Small (or even large) white rafts are usually not a concern. Small like that have never been an issue for me. Large white bubbles or a white film are typically lacto basillus bacteria. Again not too problematic, some folks actually try to get them in thier cider as it adds some interesting flavor.

Campdrn wouldnt hurt. Rack it and if your concerned leave the white stuff behind.

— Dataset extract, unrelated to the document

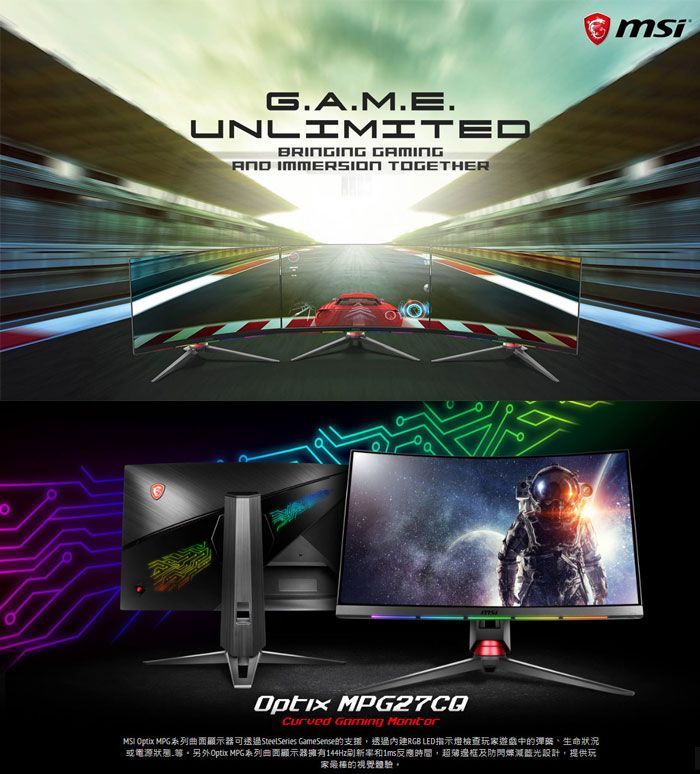 ●曲面螢幕:1800R
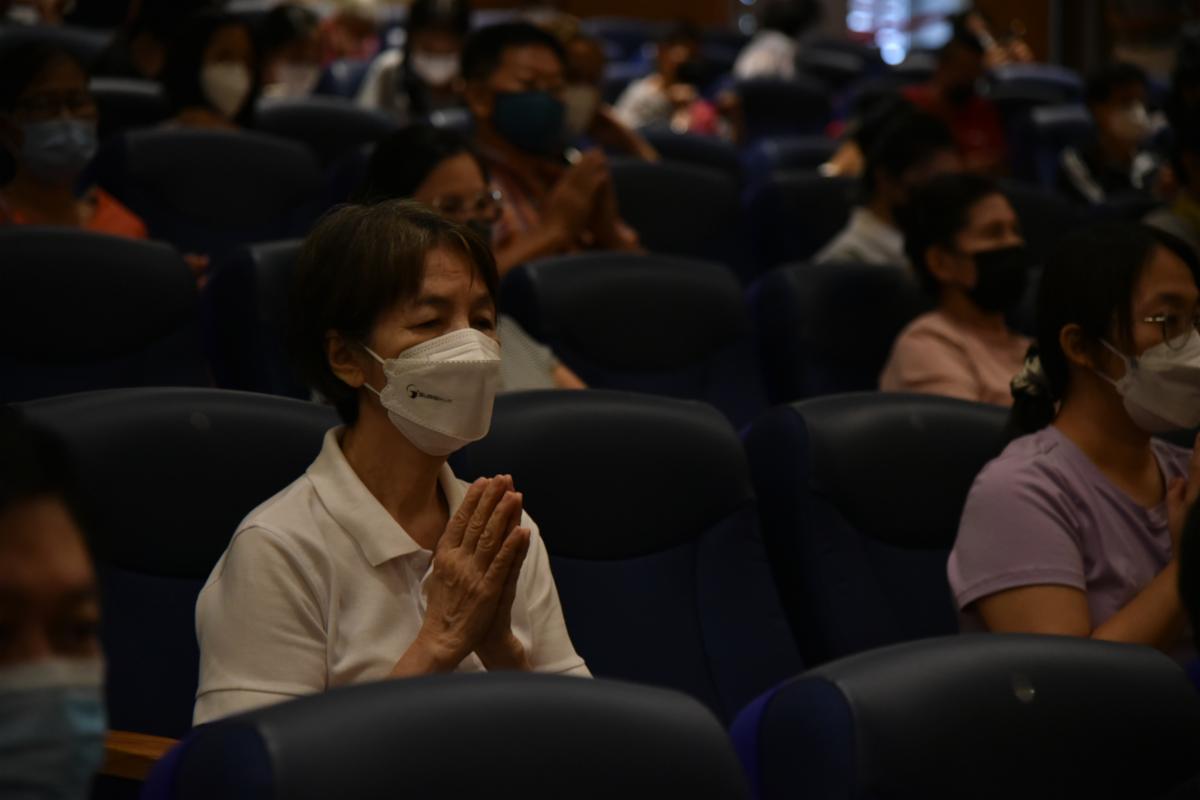 当司仪导读“只因众生虚妄记,六趣轮回苦难离”的经文,举例一位公务员因为一时贪念,投资“快速致富”的金钱游戏,结果堕入圈套损失惨重,这让会众潘国泰看到自己也是如此遭遇。

Yes you can filter it but you must get a filter media down to about 0.3 micron to get most bacterias. Yeast and other solids will quickly clog filters up. Start with a 10 micron then 5 then 2 then 1 and finally 0.45 micron before the 0.3 micron. You would likely need a pump and will also strip some color and flavor.

If they are colored. Red, orange, purplish, green (sometimes fuzzy) then it is infected and should be dumped.
 
Thanks for your replies. For it to be yeast rafts, would it have to be actively fermenting still? Looked like about all activity had ceased for a while before I racked it. My day job is in a bio pharmaceutical analytical lab, so my first inclination would be to sterile filter it through 0.2 micron. But that’s when I’m not actually paying for it, haha. Not sure I want to invest in a pump and equipment just to save this batch. I’m keeping an eye on things at the moment, and it doesn’t seem to be getting worse. Actually the number of floating spots seems less than a few days ago—I think stuff is settling to the bottom. I guess it could just be a phase though. If they start multiplying again I will probably add campden. I’m gathering that as long as they are white it is likely not too harmful. But I think when I’m all done I’ll be pouring into a glass before drinking, instead of drinking from the bottle. I guess another thing I could do if I’m worried about unknowns continuing to grow is bottle and then pasteurize. Thoughts on that? Okay if it’s a still cider?
 
You might be interested in the attached article from WSU. It was originally posted here by Jaypkk on 4 Dec 2020. Basically, it indicates that pasteurising stops yeast quite quickly but suggests that more research is needed for destroying other organisms. For cider 30 -50 PUs seems to be the target to stop fermentation and this can be achieved by heating up to something like 65C in about ten minutes then cooling down. I do this to stop at the carbonation (or sweetness) level that I want, and as a side bonus don't seem to have any infection issues (mind you, everything is cleaned, sanitised, etc, etc, as well). Intuitively it seems to be reasonable that this level of pasteurisation should kill anything, but I don't really know. In any case, pasteurising is probably worth a shot for you.